To understand what Herceptin is and how it treats breast cancer we need to first talk about proteins that appear on the surface of breast cancer cells. There is a protein found on breast cancer cells that acts as a receptor called Human Epidermal Growth Factor Receptor-2 (HER2). We test all breast cancers to see if they are HER2 positive (or overexpressing) or HER2 negative. About 20% to 30% of invasive breast cancers overexpress the HER2 receptor (which makes them HER2 positive). Having too many of these HER2 receptors can make the cancer grow and divide more rapidly which makes it more aggressive.
Herceptin is the medicine we use to treat breast cancers that overexpress HER2. It is a “monoclonal antibody” that fits into the HER2 receptor and blocks its action preventing the rapid growth and division seen with HER2 positive cancers. It also marks the cancer cell for destruction by your own immune system. Monoclonal antibodies are produced in a laboratory but are designed to act like the antibodies produced by your own immune system when you are exposed to germs. But these antibodies are designed to attach to one specific receptor. In this case that is the HER2 receptor on breast cancer cells.
HER2 is overexpressed in other cancers as well and Herceptin is used to treat some of them. There are also a few other drugs that are similar to Herceptin and target HER2 overexpression.
This type of therapy where we have pinpointed a receptor for the drug is called “targeted therapy.” It tends to be less toxic than other types of chemotherapy because it is specific. Herceptin does have some side effects though. One of the most serious is its effect on heart function especially when it is used with another common type of chemotherapy for breast cancer called anthracyclines. Your oncologist may recommend that you get an echocardiogram (which is an ultrasound of the heart) to measure your heart function at the beginning of your treatment and at various points during your treatment. Some people can have reactions to the infusion of the drug including fevers and chills, nausea, vomiting, headache, and pain. In general though, most patients feel that receiving Herceptin is a walk in the park especially if they have received other chemotherapy.

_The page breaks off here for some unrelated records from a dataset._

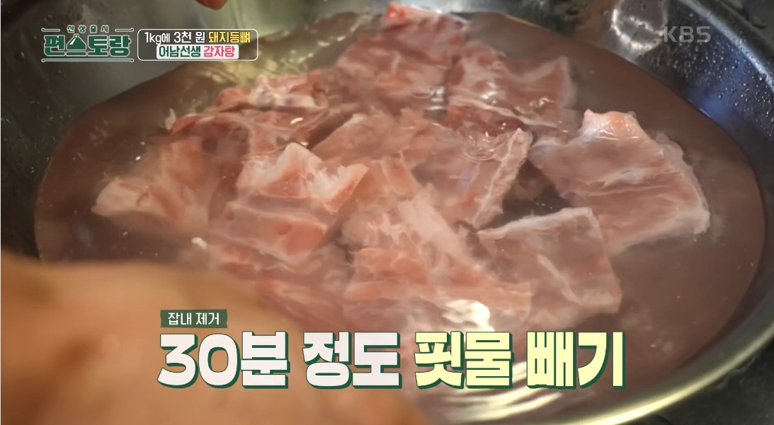 등뼈 1kg에 3천원으로 맛있는 감자탕 만드는 어남선생 류수영만의 레시피 영상으로 보면서 따라 하실 수도 있습니다.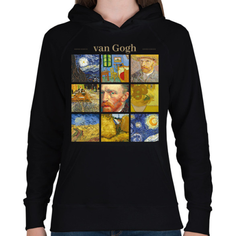 1 kép PRINTFASHION Van Gogh - részletek - Női kapucnis pulóver - Fekete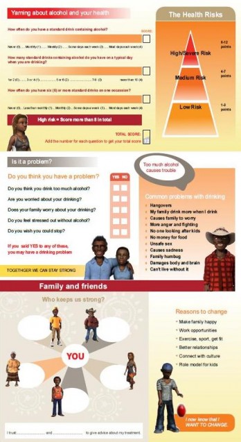 This pamphlet was developed by Department of Health in collaboration with Menzies to assist in delivery of information and brief interventions for people with high risk drinking.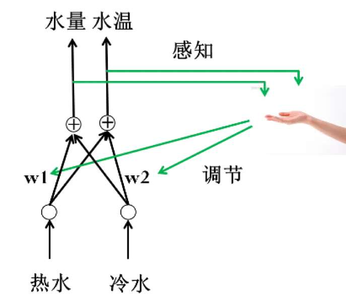 当我们想洗澡时,需要调节到一个合适的温度和合适的水量,这是我们的期望目标,而冷热水的阀门可以认为是权重。通过调节阀门的大小,可以让输出的水温和水量逐渐接近我们的目标。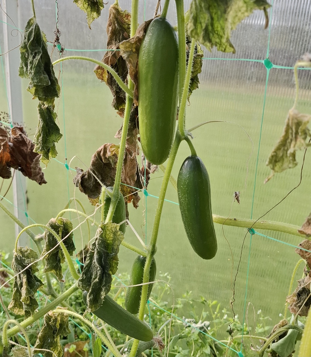 Вот и пришла поздняя осень - утром всё покрыто инеем, днём пока солнечно воздух немного прогревается. Огуречные растения в теплице конечно обмёрзли, но некоторые огурчики вроде неплохо выглядят, собрала, посмотрю. Последние томаты висели на кустах вполне целые, вот этот сорт прям хорошо выглядит (плоды, а не сами кусты, конечно) Вот он, финальный сбор, последняя корзинка от 5 октября 2025 года. Черрики в основном скинули все плодики, а их было очень много до потолка, а вот крупноплодные нормально довисели, надеюсь, не все промёрзли. Вообще, ближе к северно двери в теплице выросла настурция - она там бодра и зелена, а вот у южной двери вся помёрзла. Может, и томаты как-то выборочно мёрзли? В открытом грунте сняла последние кочаны капусты, выдернула оставшуюся редиску - слизни её слищком активно кушают, на пробу вытянула пару дайкона - ещё мелкий, со среднюю морковку. А напоследок - соседские куры в качестве насеста облюбовали ветку дерева, свисающую на наш участок, так что периодически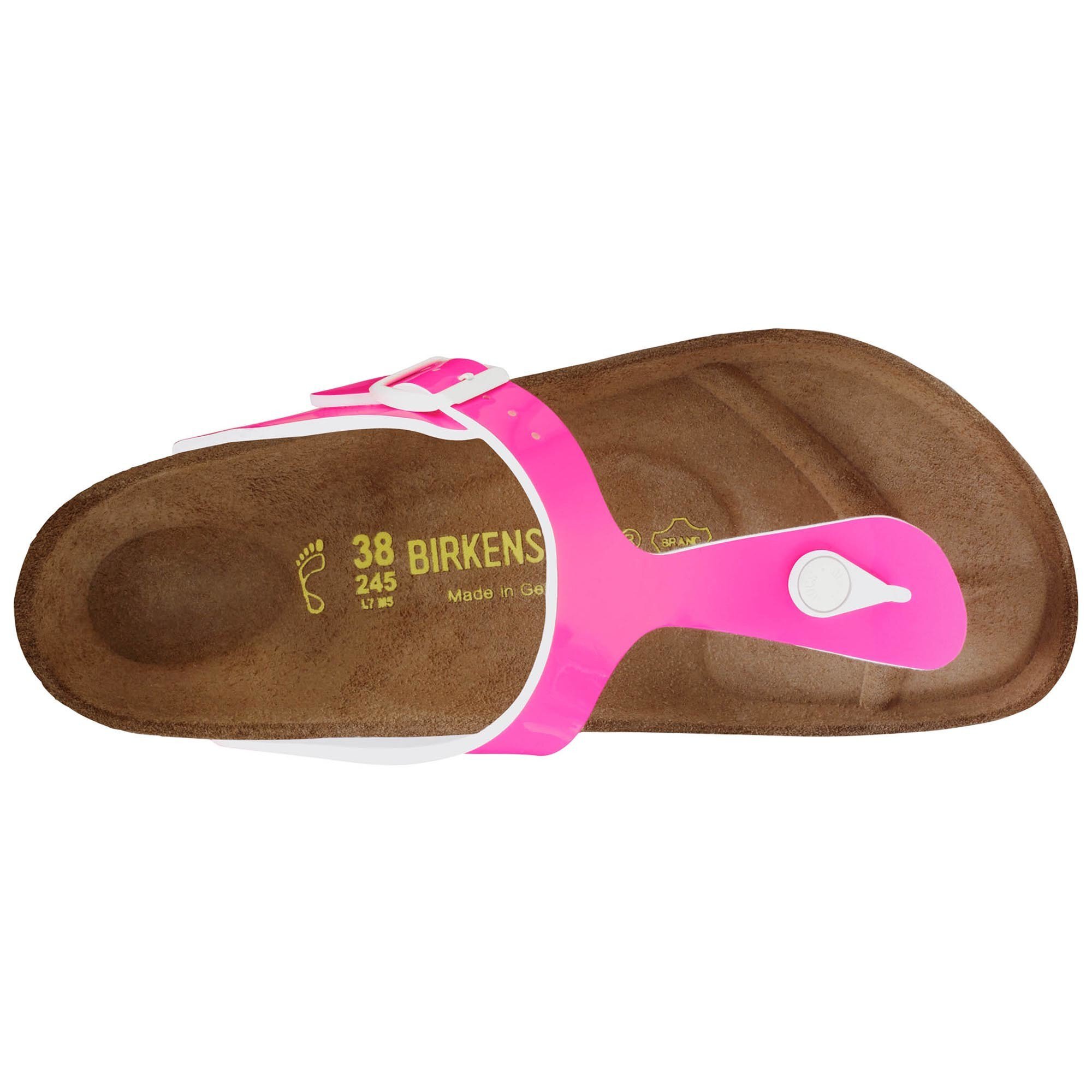 トングサンダルの定番Gizehが可憐なエナメルルックで登場しました。おしゃれな女の子には見逃せないアイテムです。ポイントは甲にデザインされたリボン。注目の的になること間違いなしです。お手入れの簡単なBirko-Flor®とフットベッドがお子様の小さい足をそっと守り、自然な歩行をしっかりとサポートします。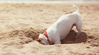 Everything you need to know about the dangers of sand ingestion and how to prevent your dog from eating sand.
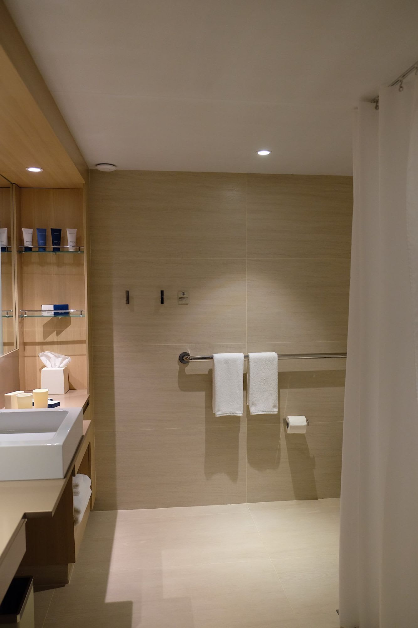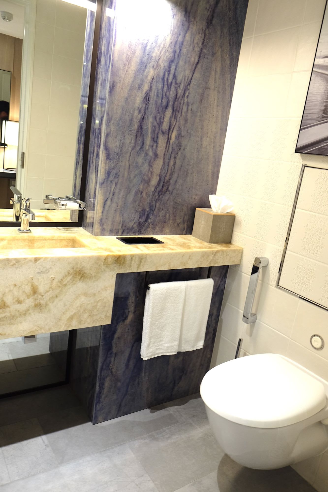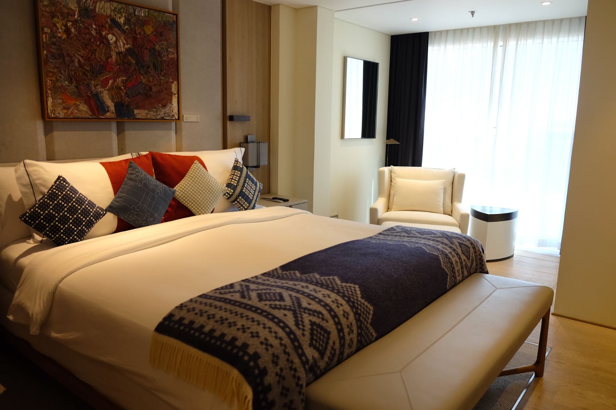 スイート客室を実際に見てみると、専用バルコニーや、部屋面積の規模感も去ることながら、専用のリビングスペースやインテリアの重厚感、客室内にプライベートサウナが設置された客室もあるなど、まさに外資系の高級ホテルという佇まいです。

Herceptin is usually given weekly with other chemotherapy and then every 3 weeks by itself for one year.
So make sure you know whether or not your breast cancer overexpresses HER2. Unless your cancer is very small, you will likely need to receive Herceptin. I hope this has been helpful for you. If you know someone else who may benefit from this information please feel free to share it. Thanks for your time and attention and I’ll see you next time. Take care and be well.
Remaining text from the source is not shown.